WHAT THIS TASK INVOLVES: Your answer must be the lines from the first one in the material through the line with "Nov 16, 2025;", retyped exactly and with no pictures.

<<<<

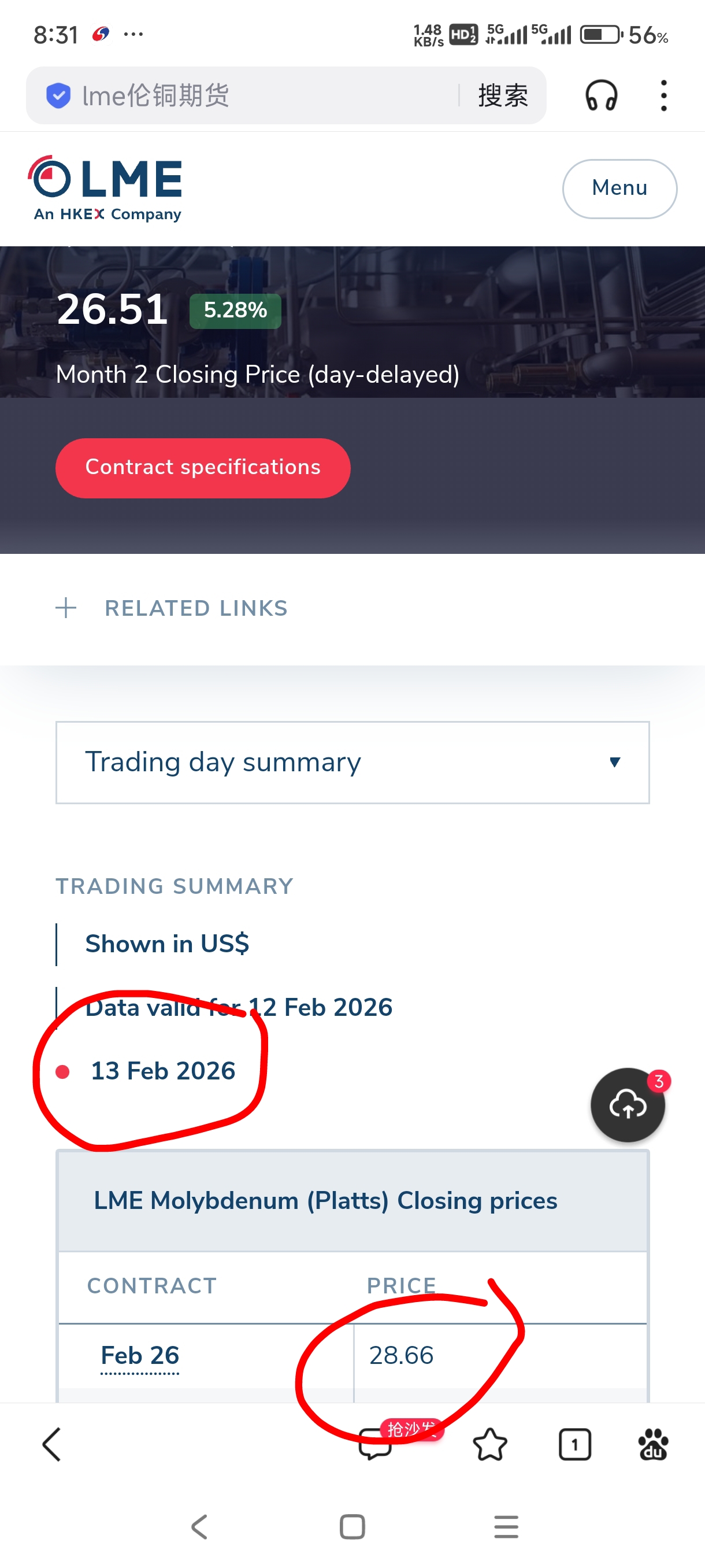 国际钼13号暴涨破去年9月25.96元高点,且向28.66元挺进,昨晚金银大跌只
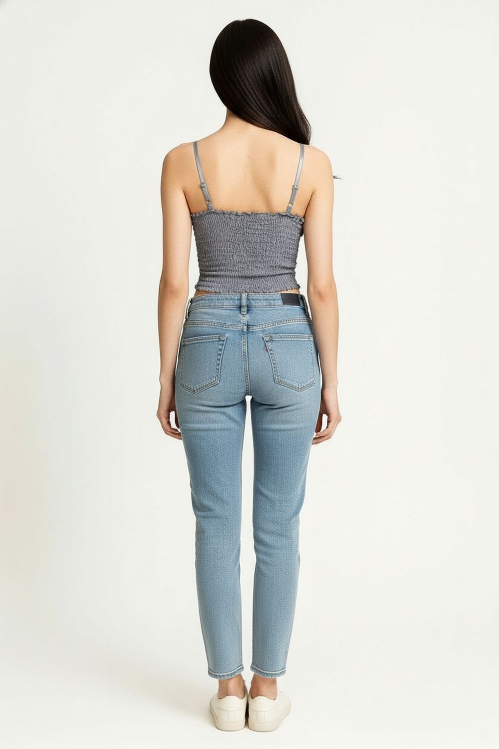 Blusa corta con diseño fruncido en el pecho que se ajusta al cuerpo, tirantes anchos con detalle de vuelo que añaden un toque femenino, escote cuadrado que realza la silueta, confección en tejido suave y elástico que garantiza confort y libertad de movimiento, ideal para un look fresco y moderno
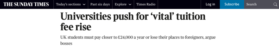 据《泰晤士报》(The Times)报道,英国大学呼吁将本土学生的学费提高至与国际生相似,即每年平均支付学费£24,000。
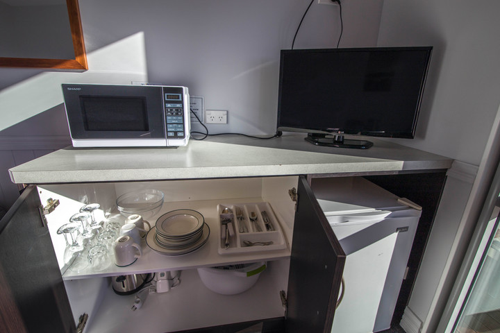 The unit is equipped with breakfast making facilities, including a fridge, electric jug and toaster as well as a microwave.
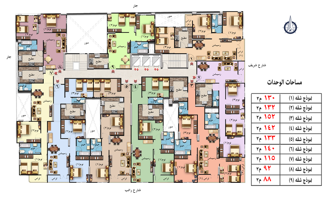 The tower is on the corner of Ratib Street with Sharif Street. The tower consists of a ground floor garage and eleven residential floors The spaces range from 88 meters to 152 meters
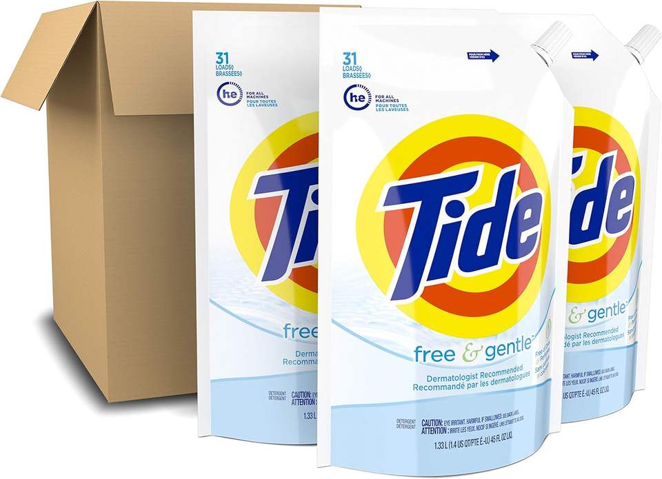 Tide Free & Gentle Laundry Detergent Liquid Soap, 93 Loads (New Concentrated), 45 Fl Oz (Pack of 3)
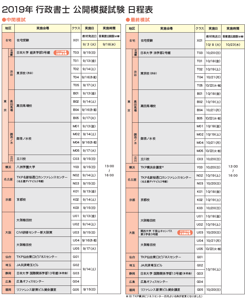 *最終模試 横浜地区 TKP横浜ビジネスセンターが「TKP横浜会議室」に名称変更がありました。
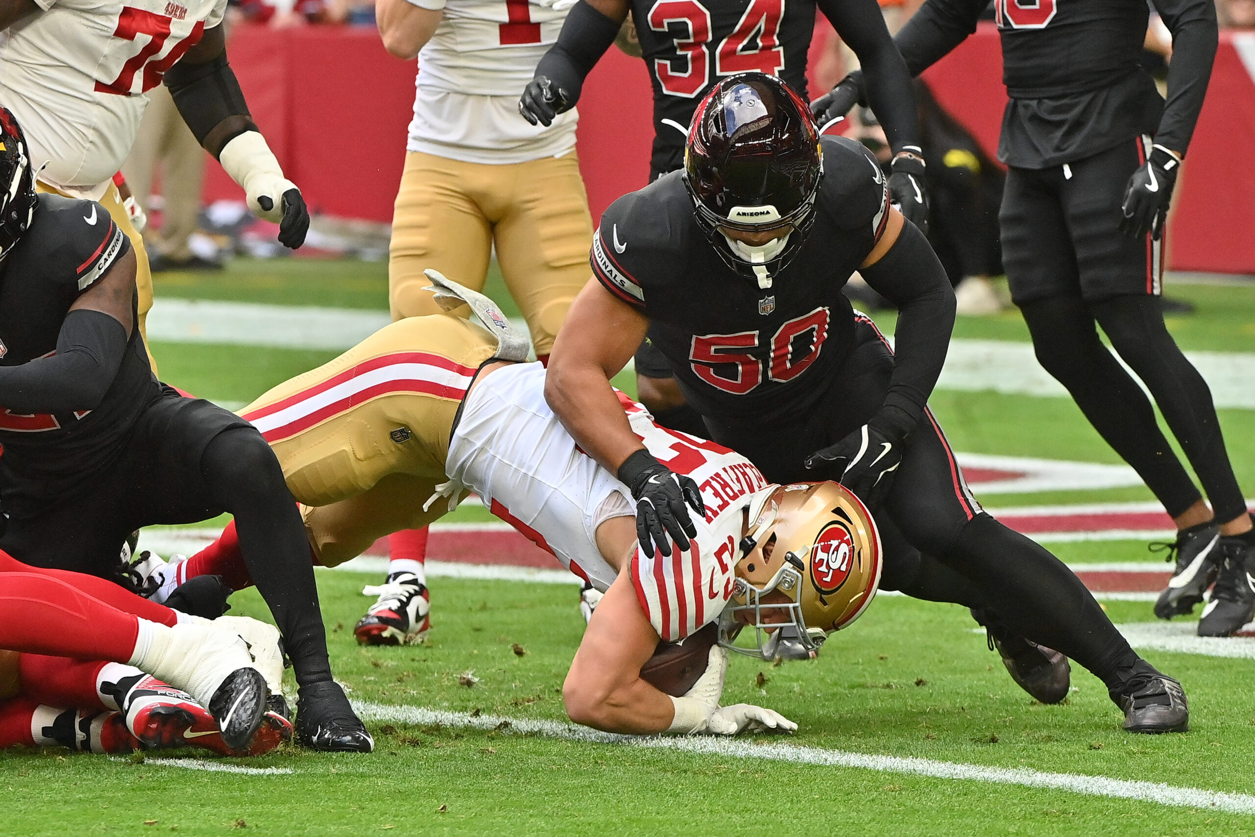 Nov 16, 2025; Glendale, Arizona, USA; San Francisco 49ers running back Christian McCaffrey (23) dives for a touchdown in the first quarter against the Arizona Cardinals at State Farm Stadium. Mandatory Credit: Matt Kartozian-Imagn Images
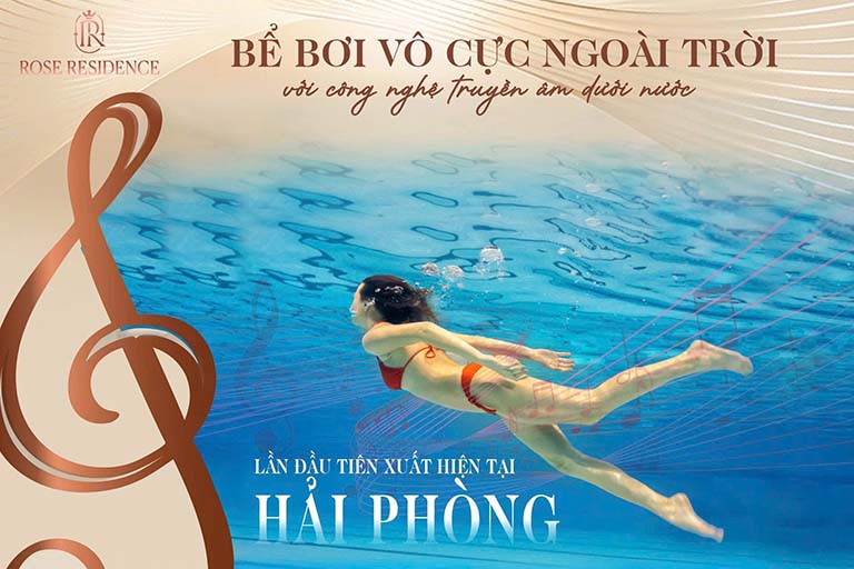Rose Residence tự hào là dự án đầu tiên tại Hải Phòng trang bị Công nghệ Truyền âm Dưới Nước (Underwater Speaker) tại khu vực bể bơi vô cực. Trải nghiệm thư giãn tuyệt đối này cho phép cư dân tận hưởng âm nhạc êm dịu ngay cả khi bơi lặn, biến hoạt động rèn luyện sức khỏe thành một liệu pháp tinh thần cao cấp.
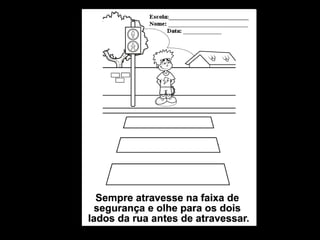METODOLOGIA Apresentaraos alunos informações sobre o trânsito utilizando a sala de tecnologia educacional por meio do power point. Nessa apresentação, os alunos conhecerão a definição de trânsito, quem faz parte do trânsito, placas de sinalização, cores utilizadas no semáforo, lateralidade, participação em jogos educativos com o tema trânsito e produção de pintura no Paint e no laptop por meio do Tux Paint. Simulação na quadra da escola, aproveita-se a oportunidade para ensinar a atravessar a rua, olhar sinais e atravessar na faixa. Atividade em sala de aula por meio de desenhos e confecção de um automóvel ou guarda de trânsito.
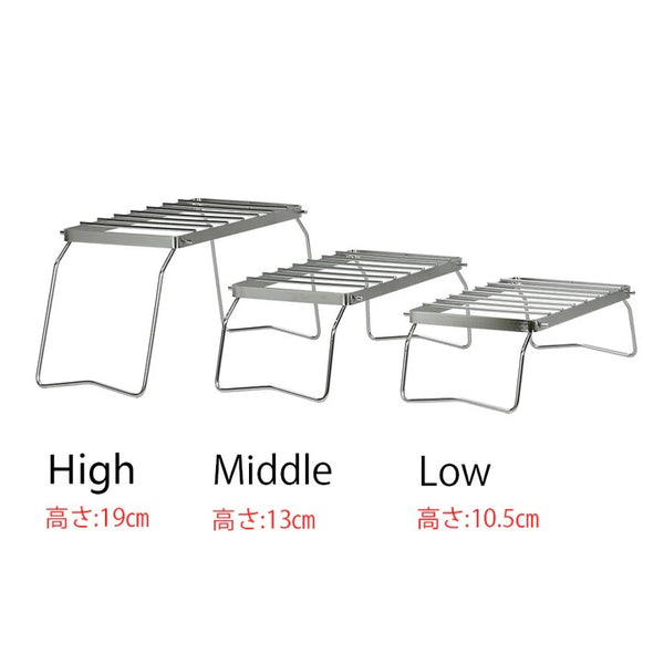 大きい鍋をかけても安心な強度と耐久性がありながら、脚を折りたたんでコンパクトに収納できます。 脚を取り外してかまどの五徳として使ったり、焚き火台の上にのせて大きな鍋で調理ができます。
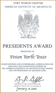 Vision North Texas was an award winning partnership of private, public, and academic organizations making an important contribution to the future quality of life, economic desirability and long-term sustainability of the 16-county North Central Texas region. It increased public awareness about important regional land use issues that affect mobility, air quality, water supply and other economic and environmental resources.
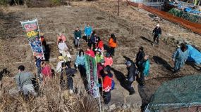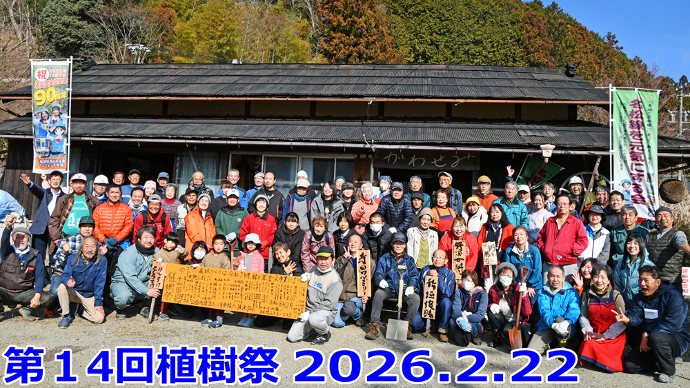| 毎年恒例の植樹祭は天気にも恵まれ、93名が参加してミツマタやハナモモなどを手際よく植え付けることができました。 今回は名松線伊勢奥津駅から徒歩5分ほどの平坦な場所で、現在架け替え工事中の八幡橋のすぐ近くです。数年後には新しい道路沿いにミツマタが咲き乱れる風景が期待されます。 |
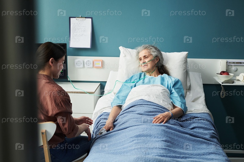 Пожилая женщина, лежащая в больничной постели и получающая поддержку от внучки
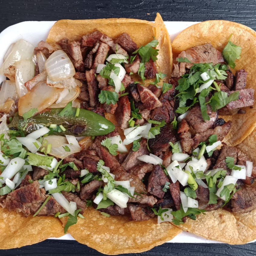 deliciosa carne de sirlon en una cama de 5 tortillas de maiz amarillo con cebollitas asadas y chile toreado
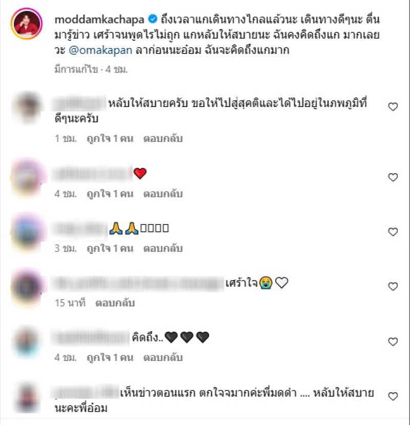 โดยทาง มดดำ คชาภา ได้โพสต์อาลัยรักถึงอ๋อมว่า ถึงเวลาแกเดินทางไกลแล้วนะ เดินทางดีๆนะ ตื่นมารู้ข่าว เศร้าจนพูดไรไม่ฤูก แกหลับให้สบายนะ ฉันคงคิดถึงแก มากเลยวะ @omakapan ลาก่อนนะอ๋อม ฉันจะคิดถึงแกมาก
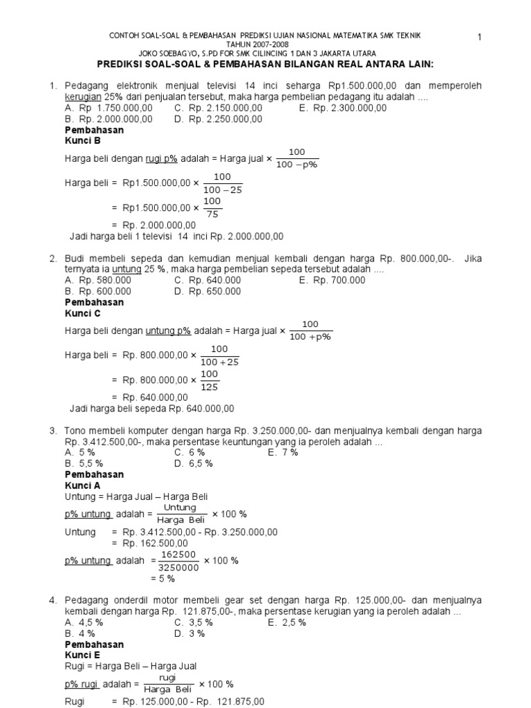 Pembahasan soal latihan tipe UN Matematika SMK teknik dan …
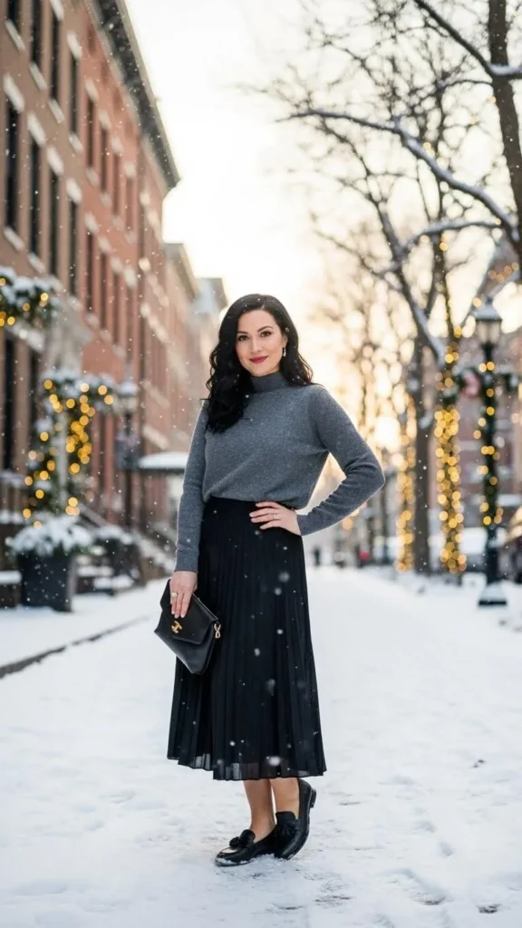 25. Loafers with Mock Neck Sweater & Pleated Midi Skirt
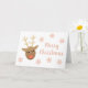 Cute Merry Christmas Reindeer Pink Gold Card
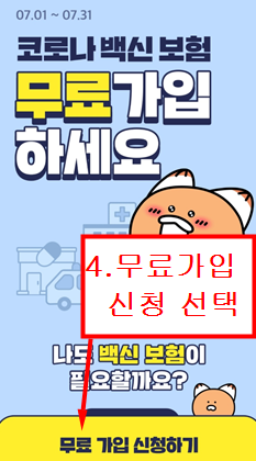 세번쨰. 배너를 선택하시면 아래처럼 '코로나 백신보험 무료가입하세요.'라는 창이 뜹니다.
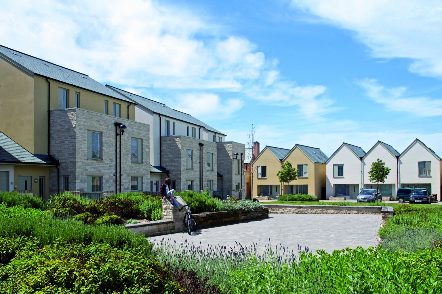 ‘Eco-Interiors’ were used for the internal elements of the homes, including water-saving fittings, the option for rainwater harvesting and smart energy meters. To further reduce the development’s carbon footprint, all the windows/doors are from sustainably sourced timber, the roofs are natural slate, every house has a bicycle shed, and the scheme incorporates an all-electric car club.
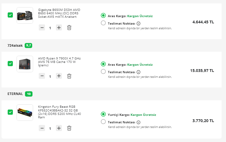 RTX 3070'li bir sistemim var ve 24K bütçem var. PC'yi yükselteceğim. Sizce seçtiklerim uygun mudur? Bu fiyatlara daha mantıklı parçalar bulunur mu?
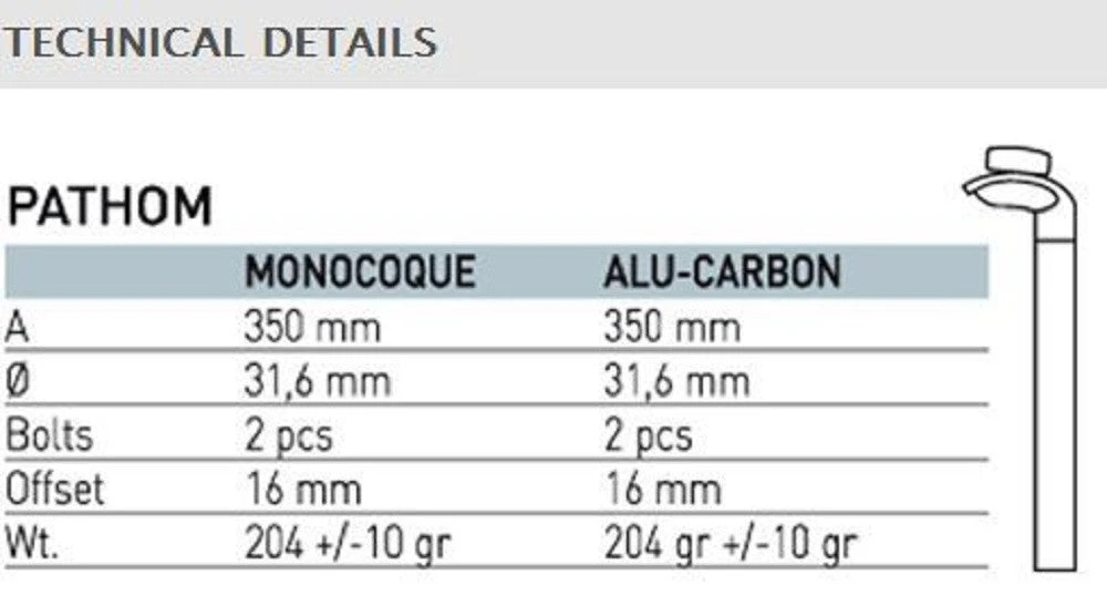 The Pathom is a great addition to any high performance bicycle. Using EPS carbon technology to ensure uniform strength throughout, ITM has created a beautiful post that is durable and easy to adjust with a light two bolt clamp system. Graphics match all ITM Pathom products.
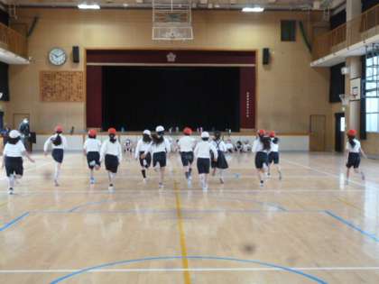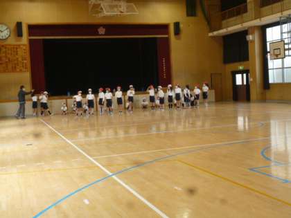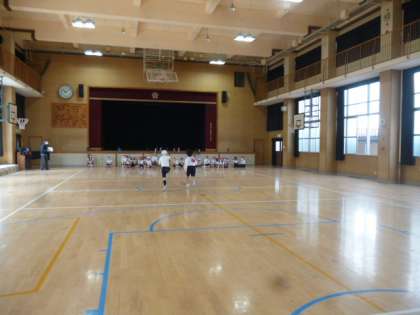 1組は体育館で20mシャトルランをしています。一番多い回数の人は40回を超えていました。すごいね!
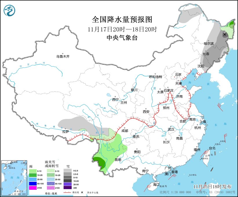 图7 全国降水量预报图(11月17日20时-18日20时)
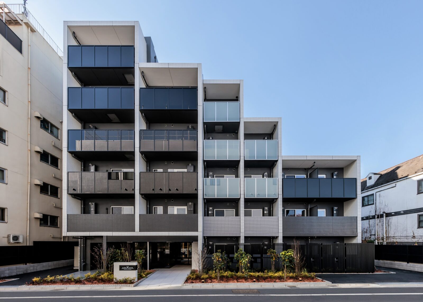 外観は、モノトーンを基調とした色彩で、セットバックを活かしたスタイリッシュなデザインとなっています。

>>>>

TASK SOLUTION:
 国际钼13号暴涨破去年9月25.96元高点,且向28.66元挺进,昨晚金银大跌只
 Blusa corta con diseño fruncido en el pecho que se ajusta al cuerpo, tirantes anchos con detalle de vuelo que añaden un toque femenino, escote cuadrado que realza la silueta, confección en tejido suave y elástico que garantiza confort y libertad de movimiento, ideal para un look fresco y moderno
 据《泰晤士报》(The Times)报道,英国大学呼吁将本土学生的学费提高至与国际生相似,即每年平均支付学费£24,000。
 The unit is equipped with breakfast making facilities, including a fridge, electric jug and toaster as well as a microwave.
 The tower is on the corner of Ratib Street with Sharif Street. The tower consists of a ground floor garage and eleven residential floors The spaces range from 88 meters to 152 meters
 Tide Free & Gentle Laundry Detergent Liquid Soap, 93 Loads (New Concentrated), 45 Fl Oz (Pack of 3)
 *最終模試 横浜地区 TKP横浜ビジネスセンターが「TKP横浜会議室」に名称変更がありました。
 Nov 16, 2025; Glendale, Arizona, USA; San Francisco 49ers running back Christian McCaffrey (23) dives for a touchdown in the first quarter against the Arizona Cardinals at State Farm Stadium. Mandatory Credit: Matt Kartozian-Imagn Images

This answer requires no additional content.